BEGIN Dataset content

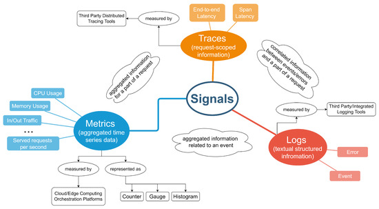 Initially, we clarify the concept of observability by borrowing the definition provided in the area of control theory. According to control theory, observability is a measure of how well the internal states of a system can be inferred from knowledge of its external output [12]. It involves the collection, visualization and analysis of a set of signals. In the case of distributed monitoring and orchestration mechanisms, these signals can be classified into metrics, logs and traces. Their holistic consideration and correlation helps system administrators and software developers to identify and better understand the causes of errors or malfunctions in the provided software (see Figure 1). In this way, observability moves one step forward compared to monitoring mechanisms, since it can provide information regarding the causes of the errors and enable their resolution.
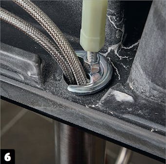 Vannrørene til armaturet skrus fast. Det gjøres med en spesiell halvring, som settes ned i hullet og spennes fast med en mutter. Når vannrørene til armaturet er spent fast, sitter også armaturet fast.
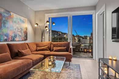 Eksklusiv 4-roms toppleilighet med fantastisk utsikt, to solrike balkonger, heis og garasje*
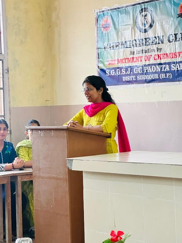 M.sc 3rd through PPT. The president of chemigreen club, Palak ( B.Sc 3 rd

END Dataset content

Required work:
Would it be possible to give the material above again exactly, with the pictures left out?

Result:
 Initially, we clarify the concept of observability by borrowing the definition provided in the area of control theory. According to control theory, observability is a measure of how well the internal states of a system can be inferred from knowledge of its external output [12]. It involves the collection, visualization and analysis of a set of signals. In the case of distributed monitoring and orchestration mechanisms, these signals can be classified into metrics, logs and traces. Their holistic consideration and correlation helps system administrators and software developers to identify and better understand the causes of errors or malfunctions in the provided software (see Figure 1). In this way, observability moves one step forward compared to monitoring mechanisms, since it can provide information regarding the causes of the errors and enable their resolution.
 Vannrørene til armaturet skrus fast. Det gjøres med en spesiell halvring, som settes ned i hullet og spennes fast med en mutter. Når vannrørene til armaturet er spent fast, sitter også armaturet fast.
 Eksklusiv 4-roms toppleilighet med fantastisk utsikt, to solrike balkonger, heis og garasje*
 M.sc 3rd through PPT. The president of chemigreen club, Palak ( B.Sc 3 rd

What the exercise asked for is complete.